Task goal » Your answer must be the exact lines from the one with "With a manual" to the end of the data, both included, with no pictures.

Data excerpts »
»»

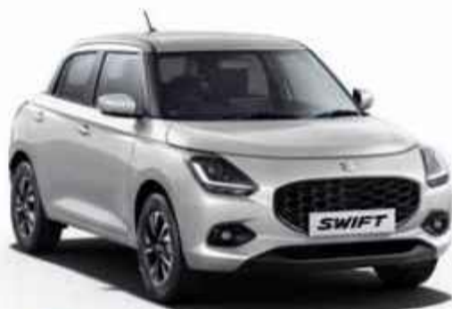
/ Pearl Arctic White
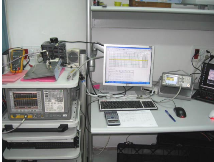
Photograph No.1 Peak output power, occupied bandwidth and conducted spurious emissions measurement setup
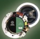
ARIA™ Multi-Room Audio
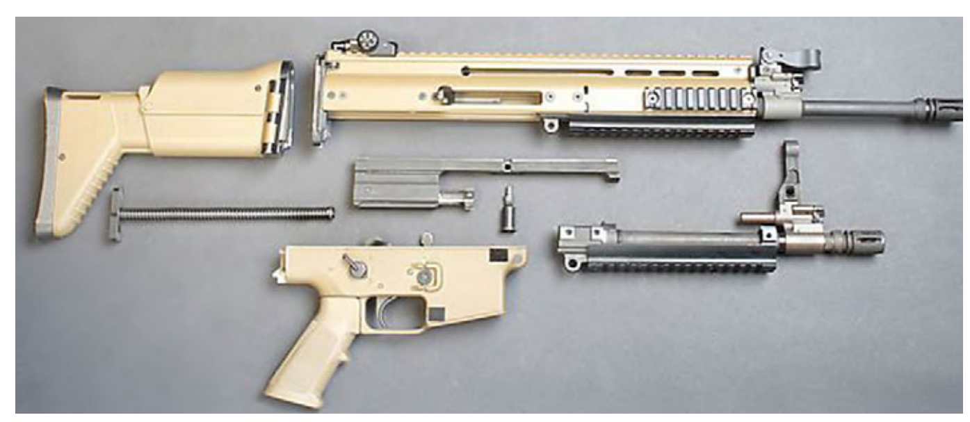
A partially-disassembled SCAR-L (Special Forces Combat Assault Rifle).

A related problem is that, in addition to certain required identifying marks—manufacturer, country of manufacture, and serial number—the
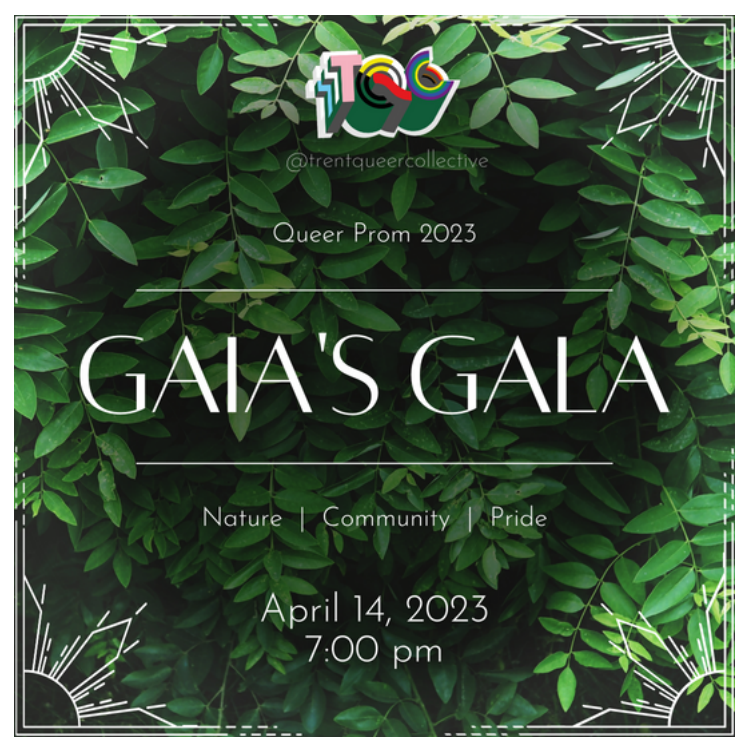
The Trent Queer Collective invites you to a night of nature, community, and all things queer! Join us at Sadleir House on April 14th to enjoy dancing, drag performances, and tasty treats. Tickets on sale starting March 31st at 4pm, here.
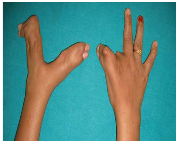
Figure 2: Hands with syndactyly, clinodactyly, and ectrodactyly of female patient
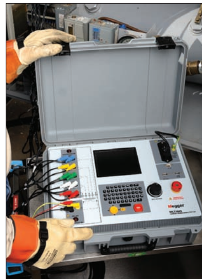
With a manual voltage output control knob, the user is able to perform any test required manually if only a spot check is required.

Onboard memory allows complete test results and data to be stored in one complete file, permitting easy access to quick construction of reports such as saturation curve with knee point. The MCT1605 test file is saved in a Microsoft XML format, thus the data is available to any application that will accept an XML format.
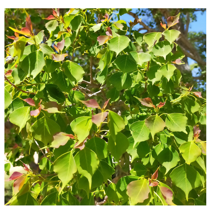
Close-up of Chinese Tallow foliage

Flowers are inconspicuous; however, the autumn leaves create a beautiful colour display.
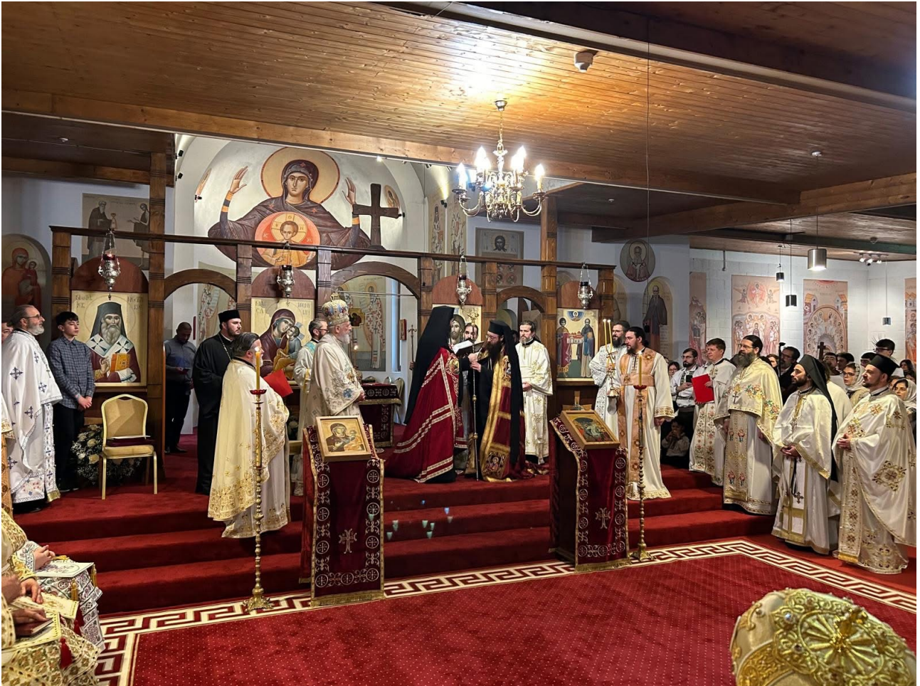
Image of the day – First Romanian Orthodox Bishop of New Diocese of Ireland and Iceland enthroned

««

Output of the exercise »
With a manual voltage output control knob, the user is able to perform any test required manually if only a spot check is required.

Onboard memory allows complete test results and data to be stored in one complete file, permitting easy access to quick construction of reports such as saturation curve with knee point. The MCT1605 test file is saved in a Microsoft XML format, thus the data is available to any application that will accept an XML format.
Close-up of Chinese Tallow foliage

Flowers are inconspicuous; however, the autumn leaves create a beautiful colour display.
Image of the day – First Romanian Orthodox Bishop of New Diocese of Ireland and Iceland enthroned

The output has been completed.